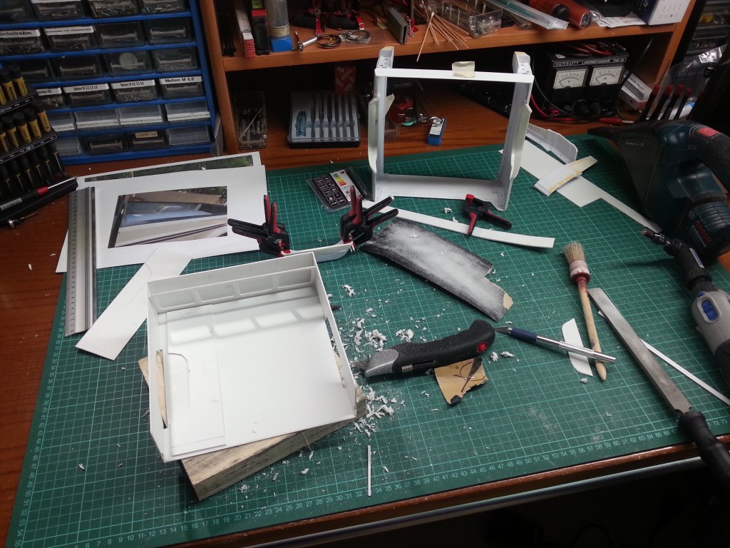 Dabei wurde mir leider auch klar, dass ich bei der Größenauswahl der gestuften Grundplatte doch etwas zu hoffnungsvoll war. Für die endgültige Konturenanpassung fehlte an der Aussenseite „etwas Material“. So habe ich die gestuften Absätze etwas befeilt und mit Kunststoffstreifen wieder aufgefüttert. Wo nichts ist, kann leider auch nichts angepasst werden. Das Ergebnis folgt.
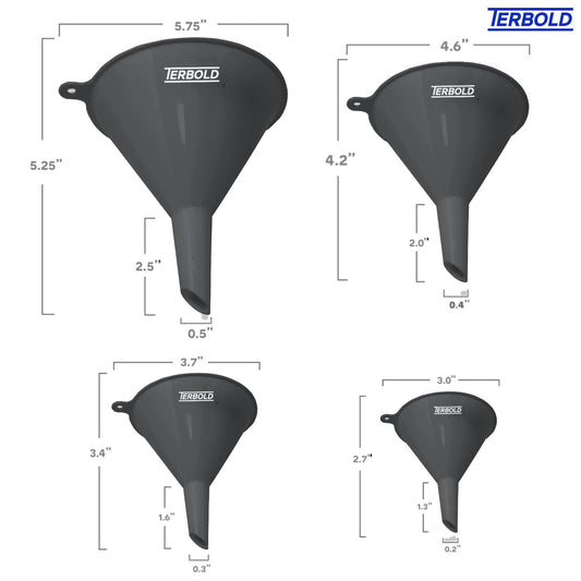 4pc Funnel Nesting Set in BPA Free Plastic for Kitchen Cooking, Car Oil, Home, or Lab Use (Black)
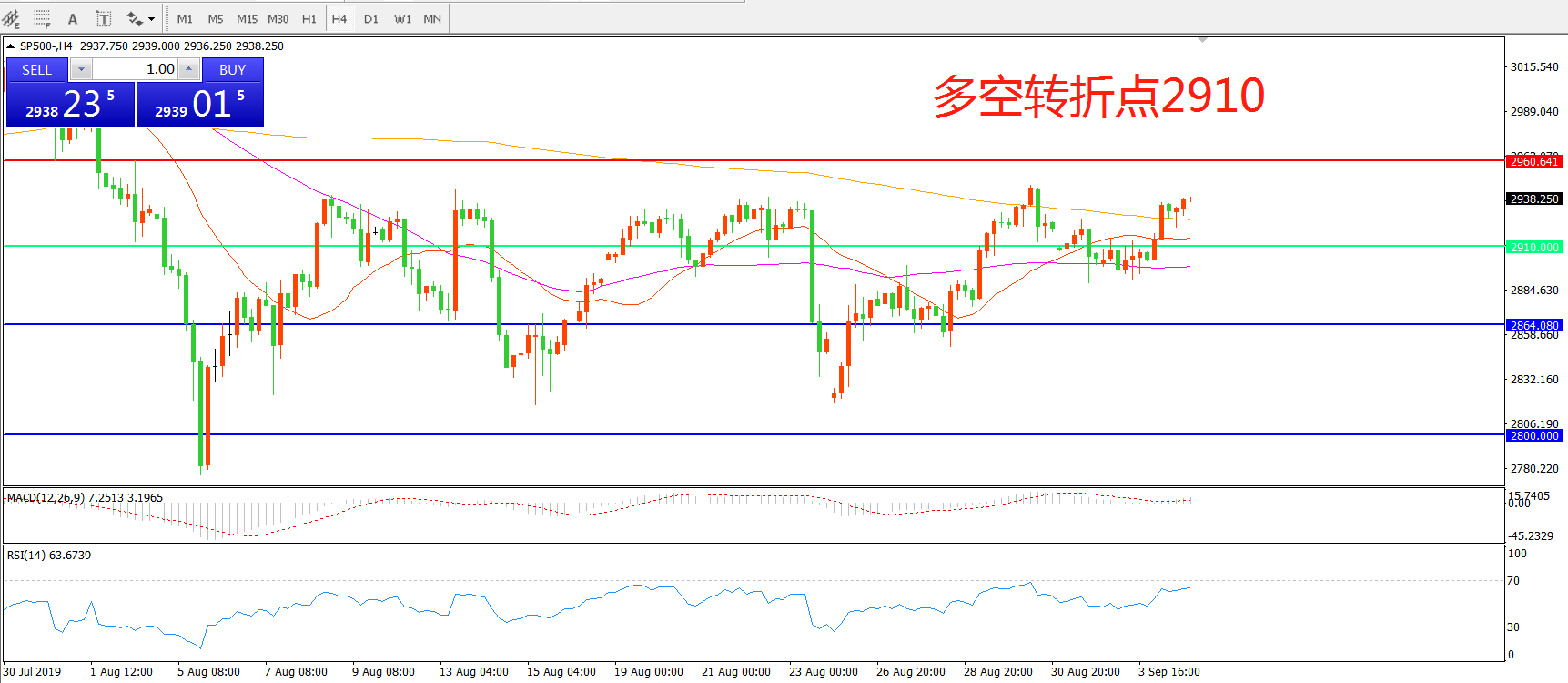 多空转折点:2910.00

----------------

WHAT TO PRODUCE: Recopy the whole listing above precisely, excluding images.

ANSWER TO THIS EXERCISE:
 Dabei wurde mir leider auch klar, dass ich bei der Größenauswahl der gestuften Grundplatte doch etwas zu hoffnungsvoll war. Für die endgültige Konturenanpassung fehlte an der Aussenseite „etwas Material“. So habe ich die gestuften Absätze etwas befeilt und mit Kunststoffstreifen wieder aufgefüttert. Wo nichts ist, kann leider auch nichts angepasst werden. Das Ergebnis folgt.
 4pc Funnel Nesting Set in BPA Free Plastic for Kitchen Cooking, Car Oil, Home, or Lab Use (Black)
 多空转折点:2910.00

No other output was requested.